PSCI 397 Internship Seminar Spring 2006

Class schedule:

January 24: General introductory meeting: reports from the summer interns (read Langton and Kammera essay)

January 31: Didactic on action research and organizational structures (read Stringer chapters 2 & 3)

February 14: First version of action plans due

February 28: Project updates; first journals due as an e-mail attachment sent to jsimeone@iwu.edu

March 14: Didactic on action plans (read Stringer Chapters 6 &7)

March 28: Verbatim session; second installment of journals due as an e-mail attachment sent to jsimeone@iwu.edu.

April 11: Project updates; additional didactic possible

April 25: Project summaries due; final installment of journals due as an e-mail attachment sent to jsimeone@iwu.edu

Class requirements:

The requirements for this course are listed below.

  1. journal
  2. evidence of good citizen practices (process component)
  3. presentation / project status report / research findings (outcome component) 
  4. supervisor’s evaluation (I will meet with your supervisor in person)

Each requirement must be met in order to receive a grade.  A brief guide to each requirement follows.

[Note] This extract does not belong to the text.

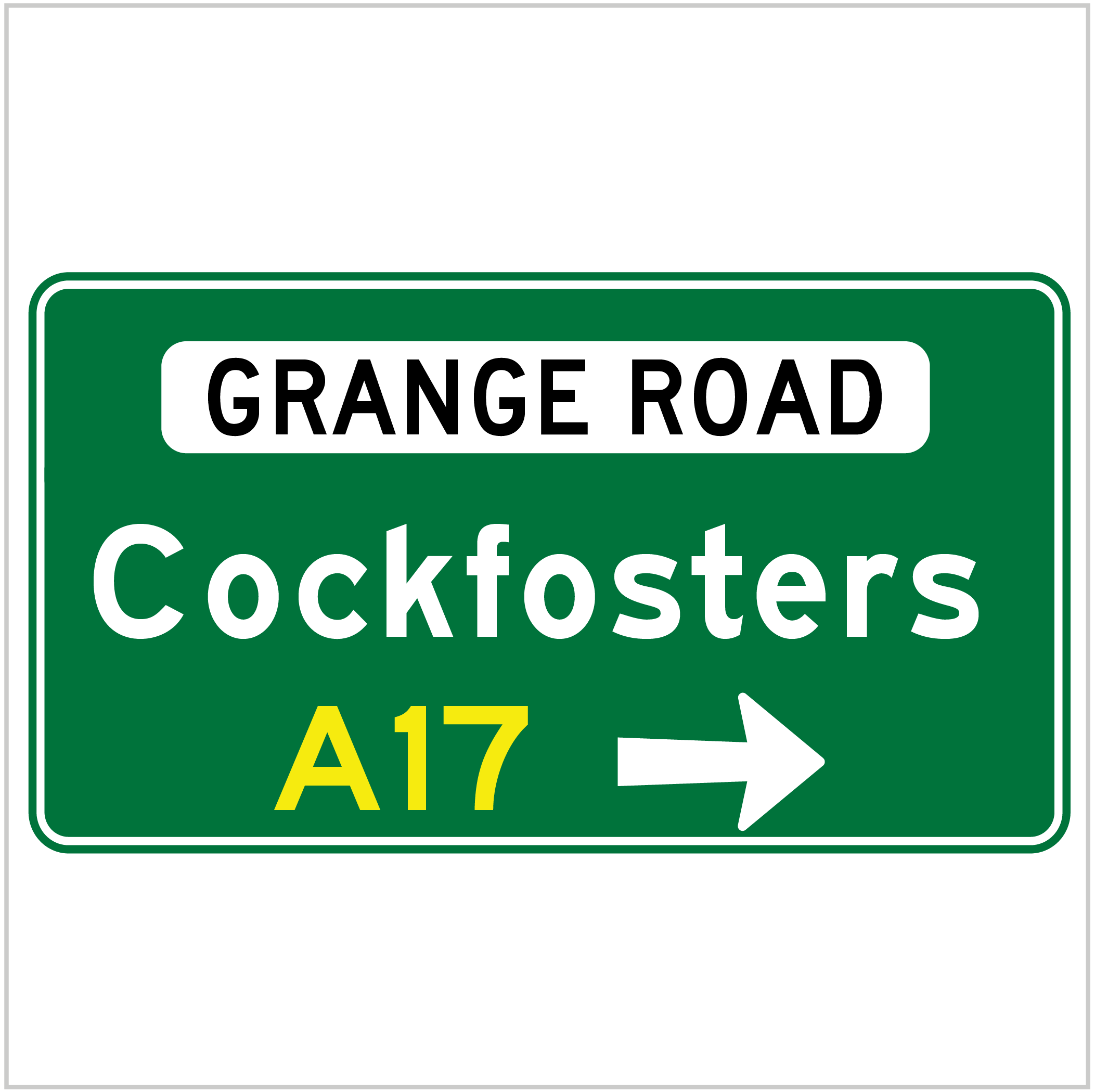 A white legend on a green background is used for signs such as advance direction signs, finger boards, intersection and special direction signs, advance exit and exit direction signs on freeways, reassurance direction signs and kilometre posts.

1. The point of the journal is really emotional growth and social maturity.  Students learn to reflect on their experiences in the hope that they will train themselves to observe interactions and detect patterns (e.g., how does agenda control work?, who has power?, who are the gatekeepers?, etc).  The idea is to encourage students to be flexible, to realize they need to make adjustments to their original plans, to see themselves in the context of the larger a social world.  We will read an excellent recent essay by Langton and Kammera on journal writing which approaches the topic from this perspective.  It trains students to approach their community experience as “fieldwork.”  Go to e-reserve under Simeone. Find PS 397 Internship Seminar—the password is “action”—all lower case letters.

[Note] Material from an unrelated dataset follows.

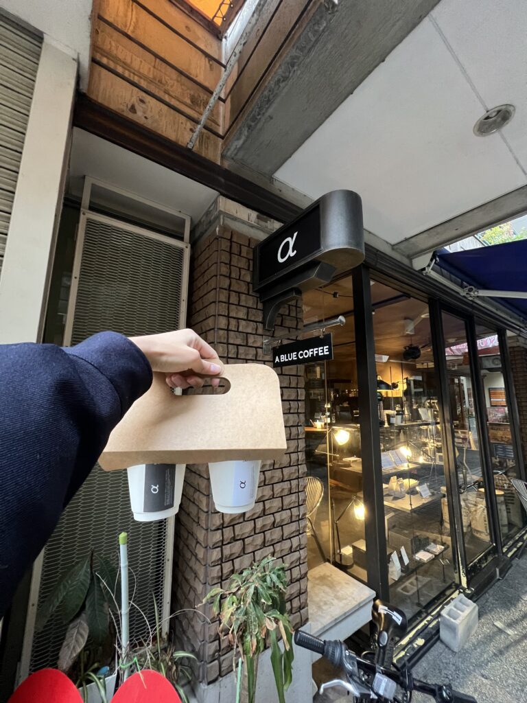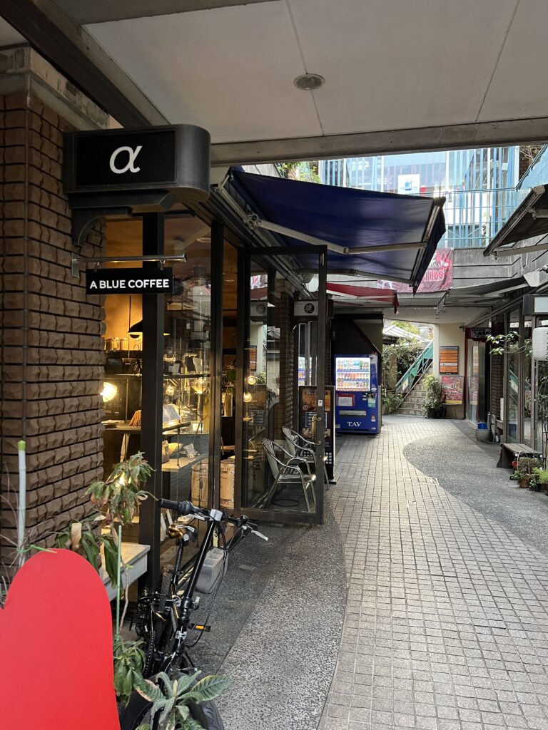 「A BLUE COFFEE」の看板がしっかり置いてあるので見つけやすいです。

2. The process part of the grade gives students incentives to record and document their action research activities with their community partners, e.g., “on-site supervisor.”  There are many internship activities that can serve as part of the process grade—meeting minutes, action plans, interview notes—but every intern will have to complete two important on-campus process requirements.  These are (A) filing an Action Research Center (ARC) project summary; (B) attending a bi-weekly internship seminar to discuss and digest experiences. 

The project summary is essentially a who/what/where/when/how description of what has been accomplished on your internship project to date. Examples of project summaries can be found in the project binders held in the ARC cabinet outside CLA 263.  See the Old House Society project binder for an example of a well-done project summary. 

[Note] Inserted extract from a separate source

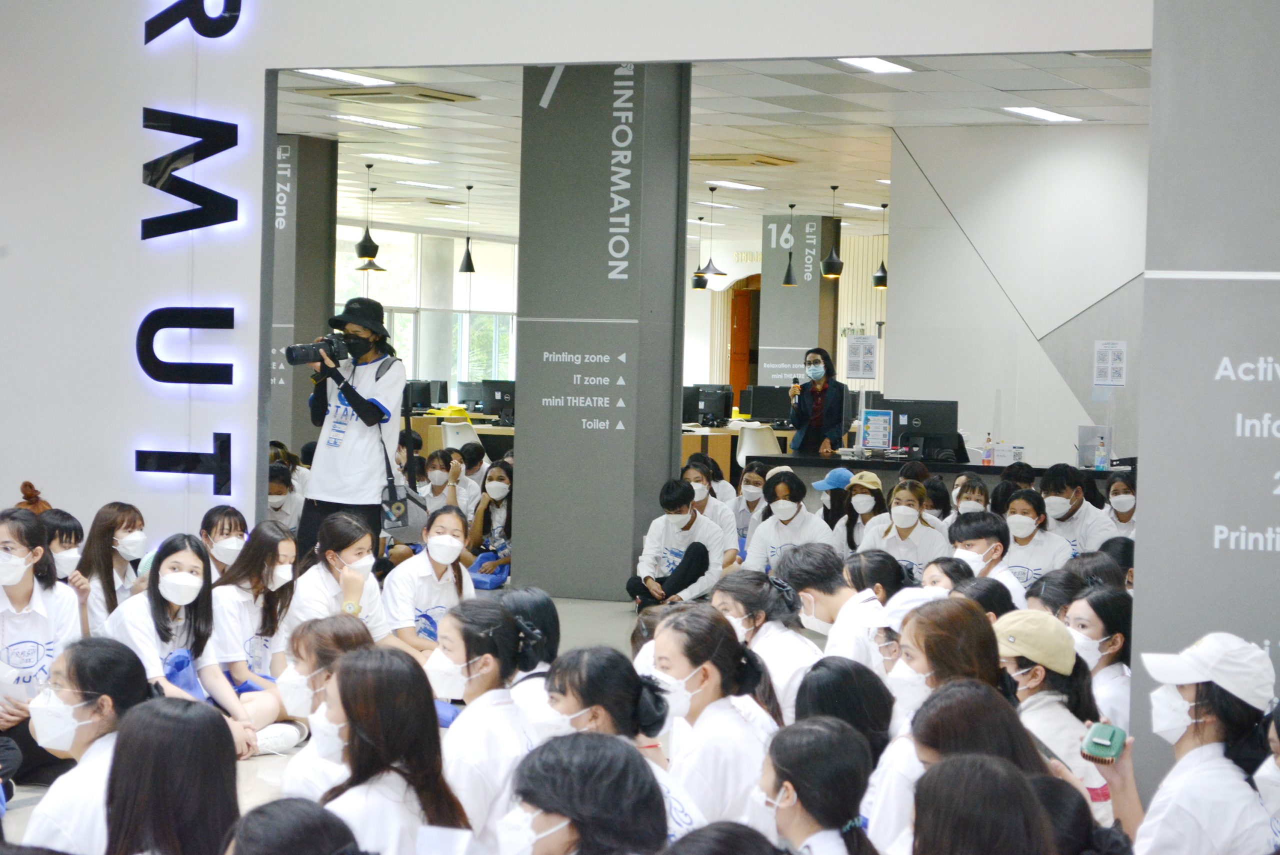 นางเยาวลักษณ์ แสงสว่าง หัวหน้าฝ่ายพัฒนาสารนิเทศอิเล็กทรอนิกส์ และ นางสมใจ วงศ์บุญรอด หัวหน้าฝ่ายบริการทรัพยากรสารนิเทศ พร้อมด้วยทีมงาน ต้อนรับนักศึกษาใหม่ ชั้นปีที่ 1 กิจกรรมเยี่ยมชมห้องสมุดในงานปฐมนิเทศนักศึกษาใหม่ ประจำปีการศึกษา 2565 รุ่นที่ 1 ได้แก่ คณะบริหารธุรกิจ คณะการแพทย์บูรณาการ และ คณะพยาบาลศาสตร์ รวมจำนวน1,462 คน วันที่ 22 มิถุนายน 2565 อาคารวิทยบริการ

The bi-weekly meeting time allows students to share experiences.  They form a learning community in which they can learn from, support and mentor each other.  Each intern will be required to attend the bi-monthly meeting.  Activities during the meetings will vary, but each internship seminar will ideally feature at least one guided reflection or didactic exercise and one verbatim exercise.  The first “didactic” exercise will take place in the second week and will focus on the nature of action research and learning about organizational structure.  The reading for this session will be Chapters 2 & 3 in Ernest Stringer, Action Research 2nd ed. on e-reserve.  Didactic sessions are designed to teach students key concepts in political science or citizenship skills as they emerge in the course of their internship experience.  The didactic allows the professor running the seminar to provide guidance on basic concepts (e.g., what is agenda control?) and how-to information (e.g., how to take minutes, what goes in an action plan, when a status report is needed). The “verbatim” exercise involves writing down word for word in dialogue form a conversation the student had with a member of their organization or the public during their internship.  The scripts will then be read by other members of the group and the interaction discussed by the group.  By enabling students to recognize the assumptions they bring to their professional lives, the dialogues help students discard dysfunctional behaviors and help them work on developing functional patterns.

3. The outcome requirement encourages students to conceive of their internship as action research (i.e., as a project that produces a definable and useful outcome).  The kinds of outcomes vary with each internship, and should be arranged via the learning contract and agreed ahead of time to by the student, the professor, and the on-site supervisor.  ARC and the Department of Political Science encourage students to conceive of their internship as action research (i.e., as a project that produces a definable outcome).

4. A supervisor’s evaluation form will be sent to your internship supervisor by the career center after the signed learning contract is returned to the career center office.  But in order to lessen the load on our community partners, I will offer the option of a brief meeting in their office, during which I can cover the essential evaluation and save them the hassle of a written report.